We got out and started heading down to the gap. I met a new guy who is originally from the US, but is on a holiday-work visa in Australia. It is only open to Americans under 30, and gives you the chance to work in Australia, then maybe apply for citizenship. Good to know…right?! (Mom, don’t worry, yet!)
Simpsons Gap area was very windy. There was sand all around that was flying into us as we got closer. There was a pool at the bottom area. We got some cool pictures of the gap.
From there, we headed to the reptile center to learn more about the types of reptiles that inhabit this area. Our speaker was very funny and quite crude, all in good fun. He was clearly excited about reptiles and loved his job.
As many of you may know, Australia is home to the most venomous snakes in the world. However, there are some upsides. First, if you find yourself close to one in Australia, they cannot sense heat, so its best to just stay still. Second, they have very tinh fangs, so you can wear long pants and not get bitten. Third, if you are bitten, you can rightly wrap the infected area with a bandage and expand your time alive by almost double. This is all in comparison to snakes from the rest of the world.

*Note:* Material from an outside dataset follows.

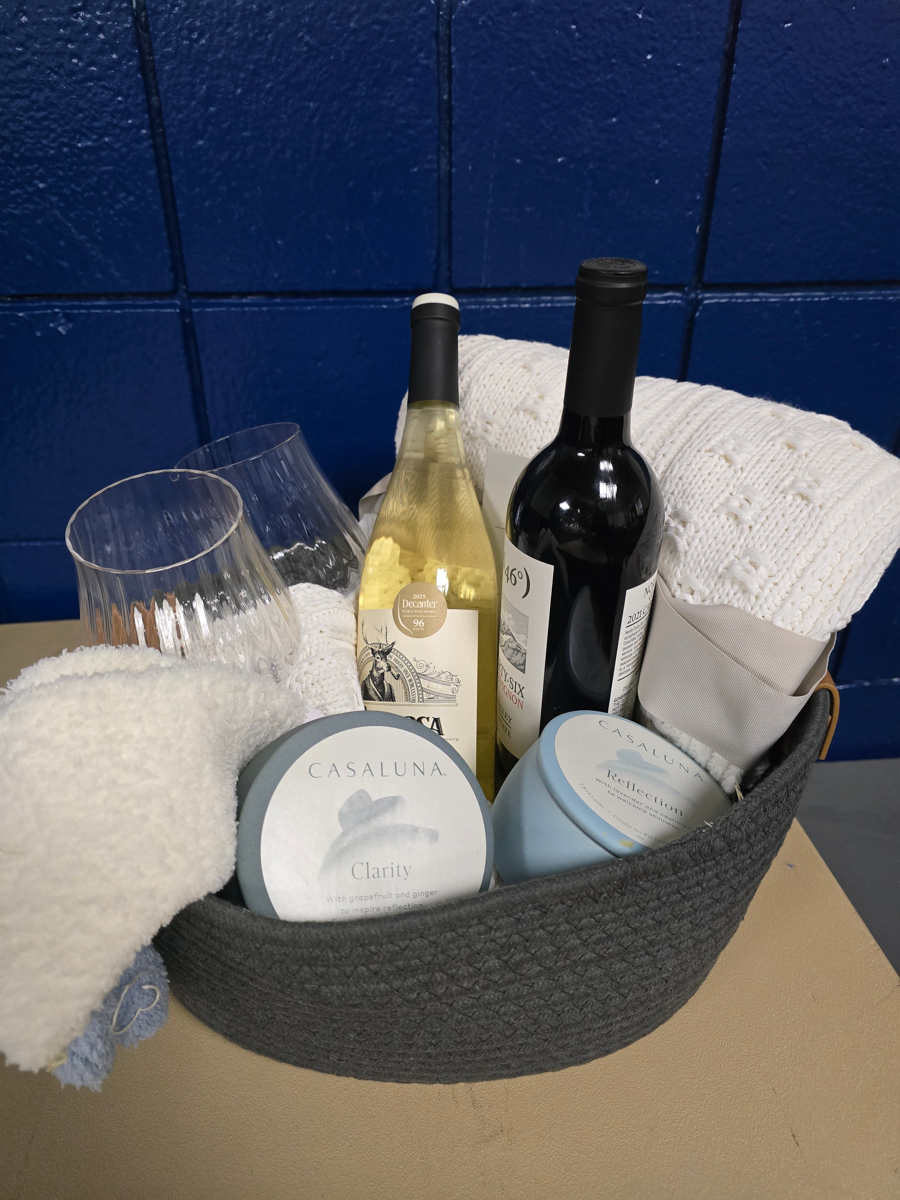 Pampering yourself is easy with this timeless slate gray woven rope basket containing a woven cream throw blanket, two fluted wine glasses, cozy fuzzy socks, two scented candles to bring reflection and clarity to your life and two award winning bottles of wine — a Spanish 2024 Albariño and a Washington State 2021 Cabernet Sauvignon.

Though people are bitten in Australia by snakes, only 2 people die each year, on average. That is compared to a country like Shri Lanka, which has a similar amount of people, but 20,000 people die of snake bites each year.
I got to hold the well-trained python for a photo opt!
Here is me kissing the dragon lizard.
We also got to look around and see some more crocs, which I am slowly realizing are so much more dangerous than I first thought. Crocs in Australia kill in order of country 1. Australians 2. Germans 3. Americans 4. Chinese. This speaker also made fun on Germans hard core, not just because they seem to have a lot of run ins with crocs. There was a small croc behind glass, who if you got to close would snap at you. I just thought about how I had swam with one earlier in the trip…
We got back into the coach and headed back to the hotel to rest before dinner. Plus, there was wifi, which made me happy!
At dinner, we got to know the new group mates better. They all seem great and they bring good energy to the group, who had been with each other for a while on the road. We needed some new blood!
It seems like there is an abnormal amount of rain in the red center right now and Uluru (also known as Ayer rock), our grand finale of sorts, might get cancelled. I’m hoping that in 2 days time the flooding clears and they reopen the park. Fingers crossed!
I got some laundry done, repacked everything and got ready for our swag camping tomorrow night. Goodnight everyone!